## Extracted entries
# # # #

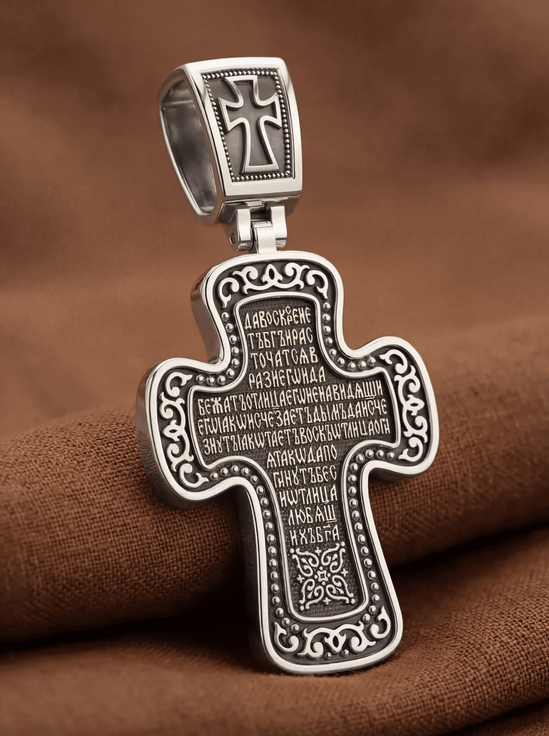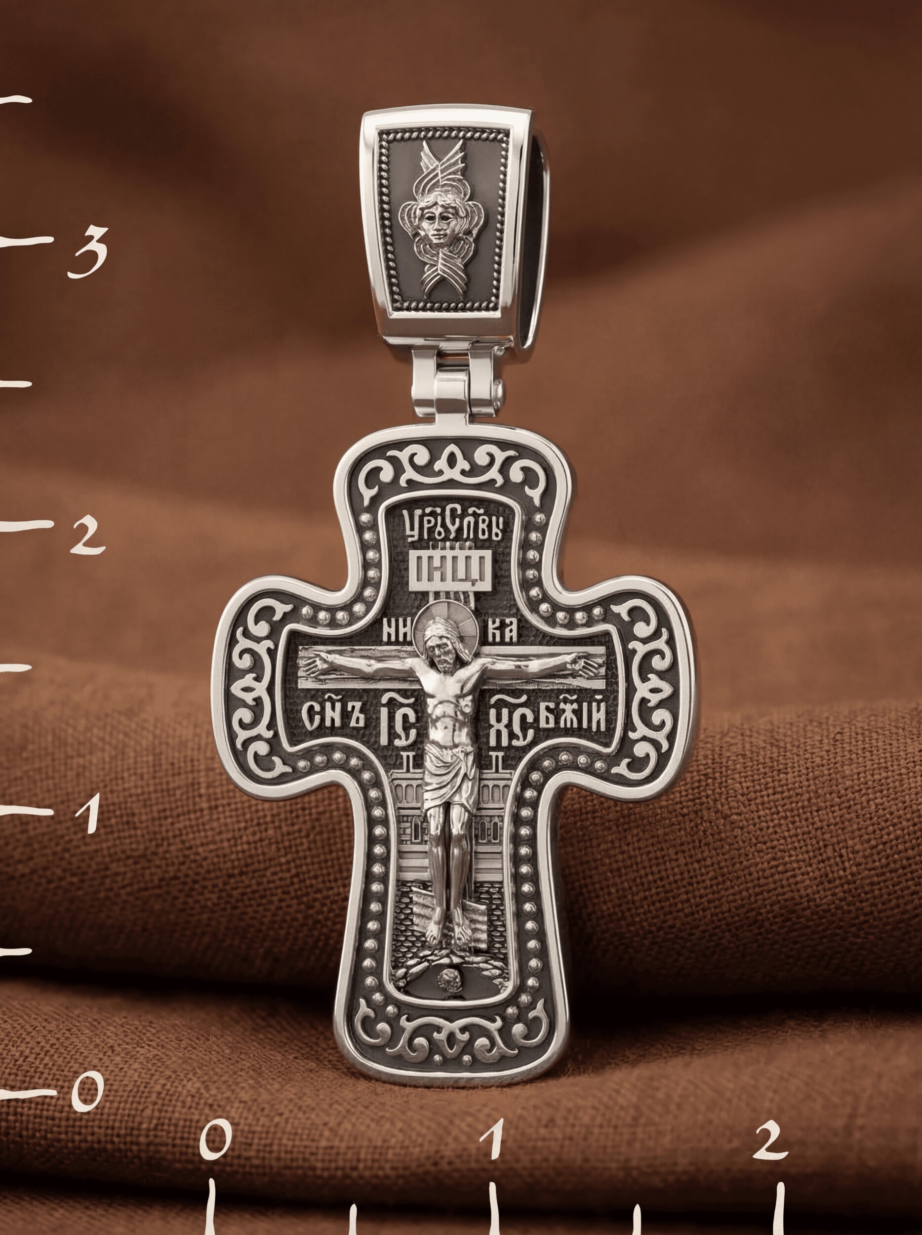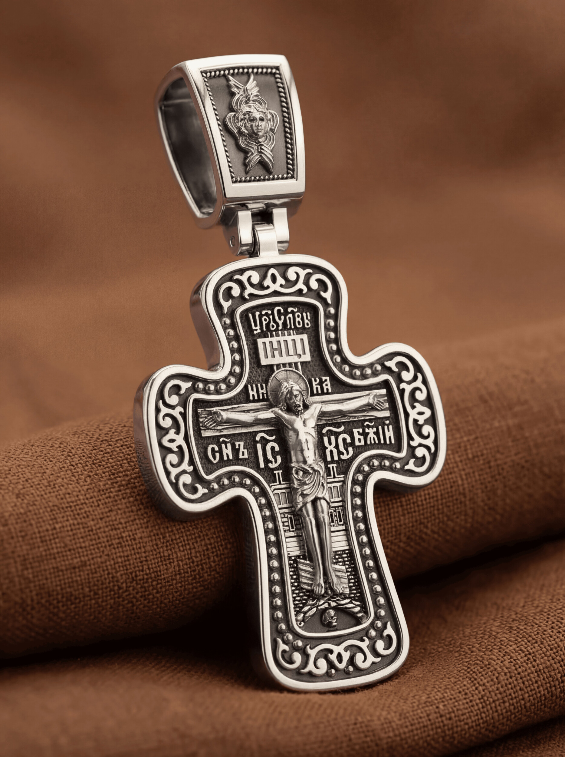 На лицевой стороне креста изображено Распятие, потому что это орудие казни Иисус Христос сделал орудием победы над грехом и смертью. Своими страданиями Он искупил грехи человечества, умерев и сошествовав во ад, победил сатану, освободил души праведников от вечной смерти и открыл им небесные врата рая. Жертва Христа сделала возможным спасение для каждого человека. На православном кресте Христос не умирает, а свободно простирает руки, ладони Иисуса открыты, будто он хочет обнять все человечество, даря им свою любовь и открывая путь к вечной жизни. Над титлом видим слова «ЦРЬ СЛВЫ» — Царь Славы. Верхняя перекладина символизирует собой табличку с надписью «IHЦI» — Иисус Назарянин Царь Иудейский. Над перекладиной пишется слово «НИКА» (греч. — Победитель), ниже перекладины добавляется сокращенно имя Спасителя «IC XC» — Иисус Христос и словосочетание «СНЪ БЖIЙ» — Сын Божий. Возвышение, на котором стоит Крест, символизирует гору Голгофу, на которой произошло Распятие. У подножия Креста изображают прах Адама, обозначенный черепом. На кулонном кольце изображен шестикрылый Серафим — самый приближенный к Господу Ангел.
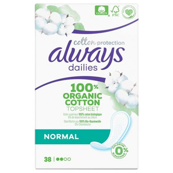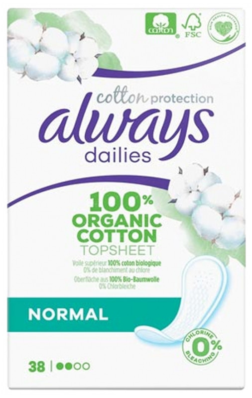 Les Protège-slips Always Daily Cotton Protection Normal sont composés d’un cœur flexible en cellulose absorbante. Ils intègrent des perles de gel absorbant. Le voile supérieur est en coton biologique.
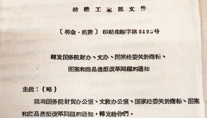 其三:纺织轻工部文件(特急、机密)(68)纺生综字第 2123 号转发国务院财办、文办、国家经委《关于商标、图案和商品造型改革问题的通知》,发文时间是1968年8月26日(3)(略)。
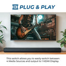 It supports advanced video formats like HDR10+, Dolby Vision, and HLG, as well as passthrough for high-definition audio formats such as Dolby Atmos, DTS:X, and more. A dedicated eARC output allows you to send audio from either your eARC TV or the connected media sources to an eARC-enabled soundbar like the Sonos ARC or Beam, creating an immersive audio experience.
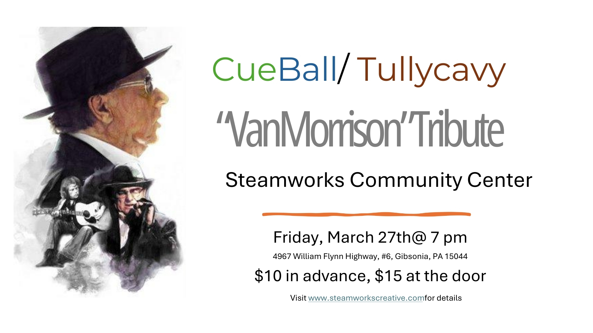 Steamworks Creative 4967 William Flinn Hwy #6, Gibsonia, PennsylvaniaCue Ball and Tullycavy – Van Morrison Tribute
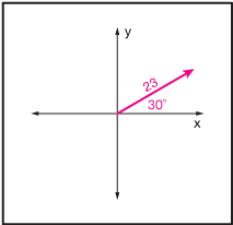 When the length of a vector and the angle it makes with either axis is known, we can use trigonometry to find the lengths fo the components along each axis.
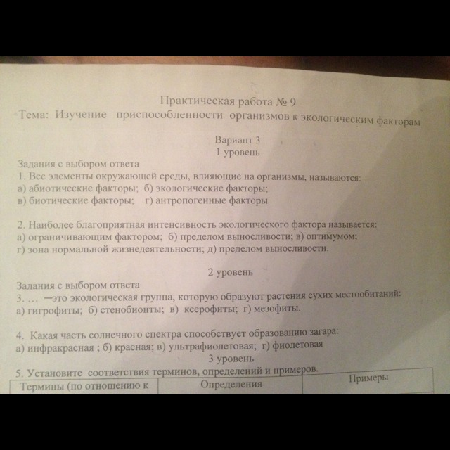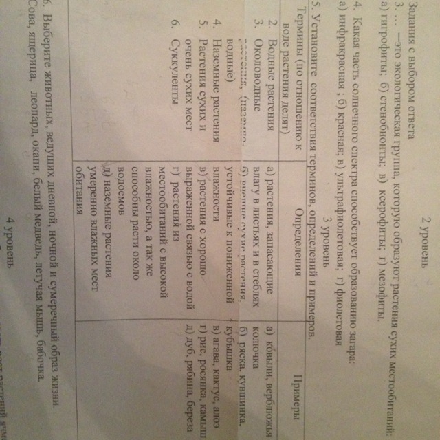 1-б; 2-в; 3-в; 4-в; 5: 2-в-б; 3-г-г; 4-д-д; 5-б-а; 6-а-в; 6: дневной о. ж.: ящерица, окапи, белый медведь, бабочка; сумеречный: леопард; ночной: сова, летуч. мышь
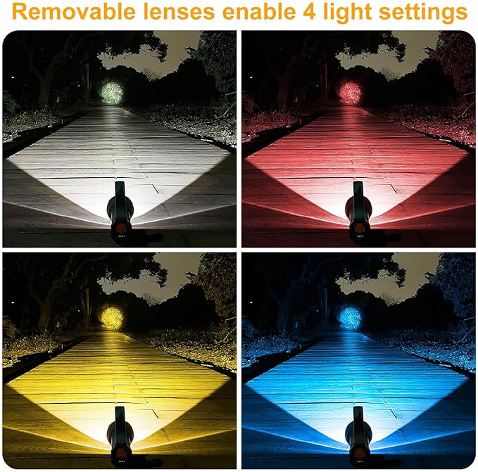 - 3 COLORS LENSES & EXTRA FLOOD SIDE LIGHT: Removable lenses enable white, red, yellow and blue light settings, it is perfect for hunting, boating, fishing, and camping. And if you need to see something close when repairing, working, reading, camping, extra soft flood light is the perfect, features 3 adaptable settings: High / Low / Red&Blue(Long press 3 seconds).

# # # #

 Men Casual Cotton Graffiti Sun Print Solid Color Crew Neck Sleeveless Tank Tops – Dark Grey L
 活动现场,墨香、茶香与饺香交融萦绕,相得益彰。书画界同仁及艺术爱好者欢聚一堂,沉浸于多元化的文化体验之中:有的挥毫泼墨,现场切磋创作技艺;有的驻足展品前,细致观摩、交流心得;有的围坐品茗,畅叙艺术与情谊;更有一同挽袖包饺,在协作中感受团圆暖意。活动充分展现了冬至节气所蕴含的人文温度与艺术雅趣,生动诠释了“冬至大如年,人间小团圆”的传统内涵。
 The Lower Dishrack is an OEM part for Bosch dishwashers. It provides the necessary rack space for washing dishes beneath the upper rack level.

# # # #

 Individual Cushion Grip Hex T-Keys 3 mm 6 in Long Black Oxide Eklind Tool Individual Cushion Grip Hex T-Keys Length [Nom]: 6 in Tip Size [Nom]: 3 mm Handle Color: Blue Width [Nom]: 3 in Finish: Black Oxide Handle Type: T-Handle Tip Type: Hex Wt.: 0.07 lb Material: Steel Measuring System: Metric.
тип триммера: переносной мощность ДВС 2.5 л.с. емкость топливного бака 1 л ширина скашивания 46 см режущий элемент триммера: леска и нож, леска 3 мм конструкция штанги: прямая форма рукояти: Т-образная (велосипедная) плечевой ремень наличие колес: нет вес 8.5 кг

# # # #

Reproduce, word for word, everything in the listing above from the line containing "It supports advanced" down to the line containing "- 3 COLORS LENSES", both of them included. No pictures.

## Solution to the exercise
 It supports advanced video formats like HDR10+, Dolby Vision, and HLG, as well as passthrough for high-definition audio formats such as Dolby Atmos, DTS:X, and more. A dedicated eARC output allows you to send audio from either your eARC TV or the connected media sources to an eARC-enabled soundbar like the Sonos ARC or Beam, creating an immersive audio experience.
 Steamworks Creative 4967 William Flinn Hwy #6, Gibsonia, PennsylvaniaCue Ball and Tullycavy – Van Morrison Tribute
 When the length of a vector and the angle it makes with either axis is known, we can use trigonometry to find the lengths fo the components along each axis.
 1-б; 2-в; 3-в; 4-в; 5: 2-в-б; 3-г-г; 4-д-д; 5-б-а; 6-а-в; 6: дневной о. ж.: ящерица, окапи, белый медведь, бабочка; сумеречный: леопард; ночной: сова, летуч. мышь
 - 3 COLORS LENSES & EXTRA FLOOD SIDE LIGHT: Removable lenses enable white, red, yellow and blue light settings, it is perfect for hunting, boating, fishing, and camping. And if you need to see something close when repairing, working, reading, camping, extra soft flood light is the perfect, features 3 adaptable settings: High / Low / Red&Blue(Long press 3 seconds).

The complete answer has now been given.